Joseph Kurhajec is being honored this year as a one of the two founders of the Stagecoach Run Art Festival. This interview was originally conducted in January, 2015
in Merida, Mexico by Alison Wattie.
“Sculptor Joseph Kurhajec is a wild and generous artist, working intuitively to give form to those dark, primitive and mysterious forces within myth, legend, self, dream and belief.”
– Art Critic Edward Bryant
The World of Joseph Kurhajec
Step into Joseph Kurhajec’s studio and you fall down the rabbit hole. It is a world where imagination knows no bounds, where wonder and delight meet with horror and death. On one shelf a mystical Mayan snake suckles at the breast of a fertility goddess. On another, a series of carved ceramic skulls patiently wait for the hands of the sculptor to give them life.
What is it you hope people experience when they see your work?
When I’m working, I always feel I’m on the verge of a great discovery. Art is research and although I work on intuition, my work is informed by years of study and travel, and absorbing all that I see in art and nature.
In the 60s I saw an exhibition of Congo fetishes at the Art Institute of Chicago that changed my own work dramatically. I’m always trying to make something that has a soul, that speaks to people, that has power, and I hope others experience this when they look at my work.
You have studios in Merida, MX, Treadwell, NY, and Paris. Is the work you create in each studio different?
Being a sculptor is in my DNA and I work with the materials that speak to me. In New York I sculpt more in ceramics and metal, in Mexico I carve in the beautiful indigenous stone, which is one of the reasons I came here. In France I do more etchings.
Each culture gives me something—the cathedrals in France, the Mayan art in Mexico and in upstate New York, I go fishing. Actually, I go fishing whenever I can—it’s another passion.
How did you end up in NYC as a young artist?
I got my Masters Degree at the University of Wisconsin then moved to NYC in 1960 because that’s where everything was happening.
Hanging Out With Who’s Who
So, NYC in the 60s—you must have hung out with some pretty infamous characters!
All of them—Warhol, Oldenburg, Lichtenstein, Rosenquist. It was a very open scene, a hotbed of creativity and guys like Leo Castelli and Ivan Carp were instrumental in the emergence of it all.

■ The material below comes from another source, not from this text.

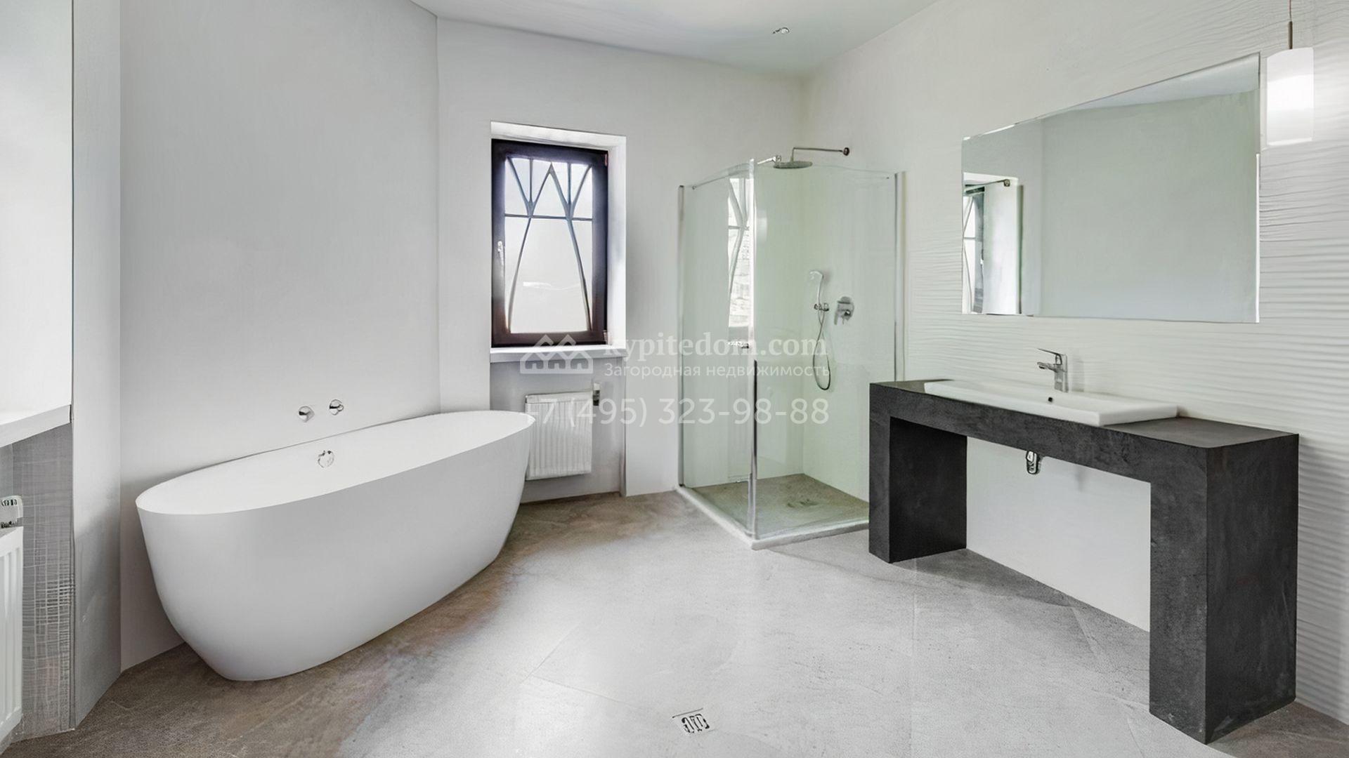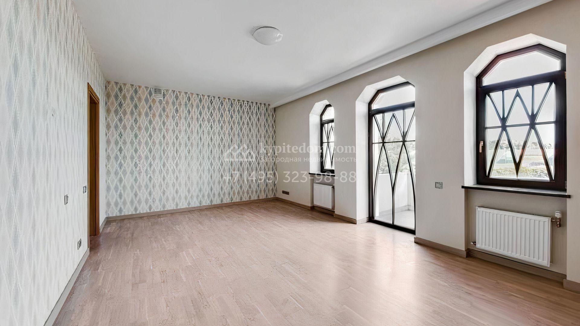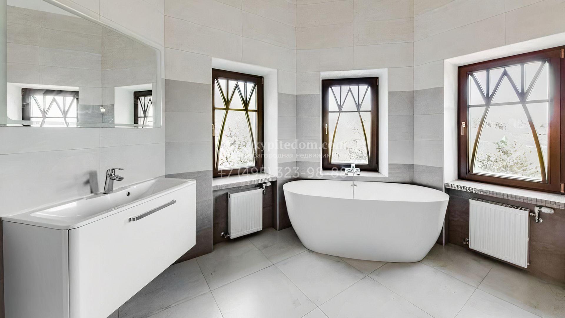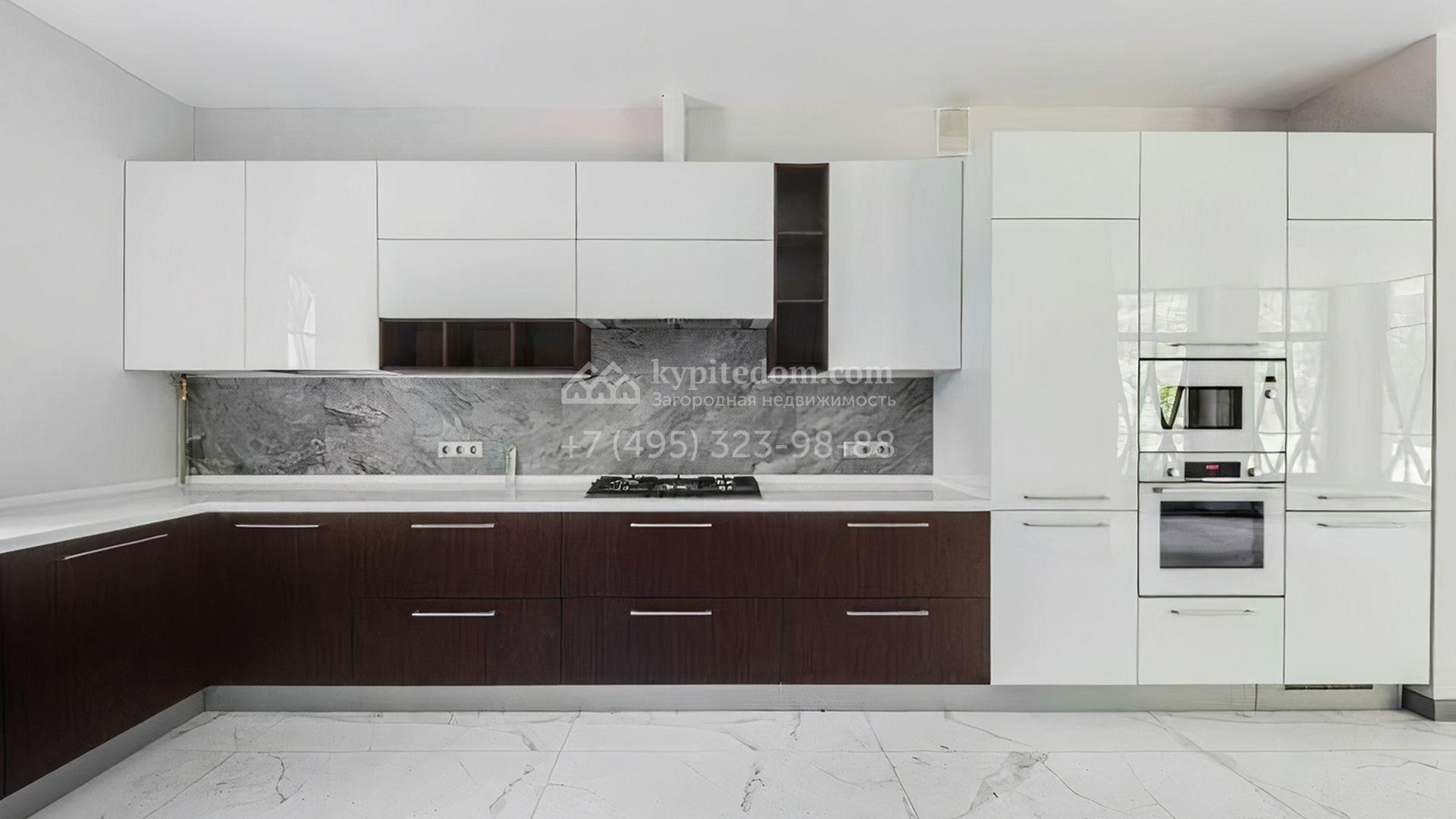 Загородный дом площадью 500 м² расположен на прилесном участке 15 соток. Фасад в европейском стиле облицован бежевой штукатуркой и коричневой плиткой. Лаконичный интерьер оформлен в молочных оттенках. В коттедже разместили 4 спальни, гостиную с камином, кухню-столовую, сауну с душевой и террасу. Предусмотрен встроенный гараж на 2 машины. На участке можно выполнить ландшафтный дизайн, обустроить беседку и зону барбекю.

I was doing tribal art which no one was doing. I showed my work to Alan Stone who became the biggest collector of tribal art in the world. Alan was showing Gorky, de Kooning, Klein, Cornell, and I was with him for 30 years. During my time in NYC, I also had a show at the Guggenheim and two exhibitions at the Whitney Museum.
You had all this success in New York but moved to Rome—was it for love?
She was an artist, she looked like a famous Italian actress, and she was a Countess…what can I say (smiles). I lived in Italy for 10 years and still go back to visit. One of my 3 sons lives in Rome and my ex-wife has an exhibition opening this spring that I hope to attend.
What drew you to Merida?
When I finished my Masters, I came here for two months in 1961 to study the Mayan culture. Almost 50 years later, my love for pre-Columbian art, the Aztecs, the Mayans and a dear friend, all lured me back.
Do you have a favorite artist?
Francis Bacon—I think he’s a powerhouse! Anselm Kiefer, another powerhouse! Picasso, Miró, Léger! I love ‘em all.
What would you say to a young artist just starting out?
I’m 76 years old and most of my friends are dead and gone. It feels strange, but it makes me want to work even harder. I feel lucky to be alive so I don’t waste time. And that’s what I would say to any artist. “Don’t waste time, just make art. Follow your passions, trust your intuition, don’t be afraid.” The Dalai Lama once said, “Never give up, no matter what is going on around you, never give up.” I think that’s pretty good advice.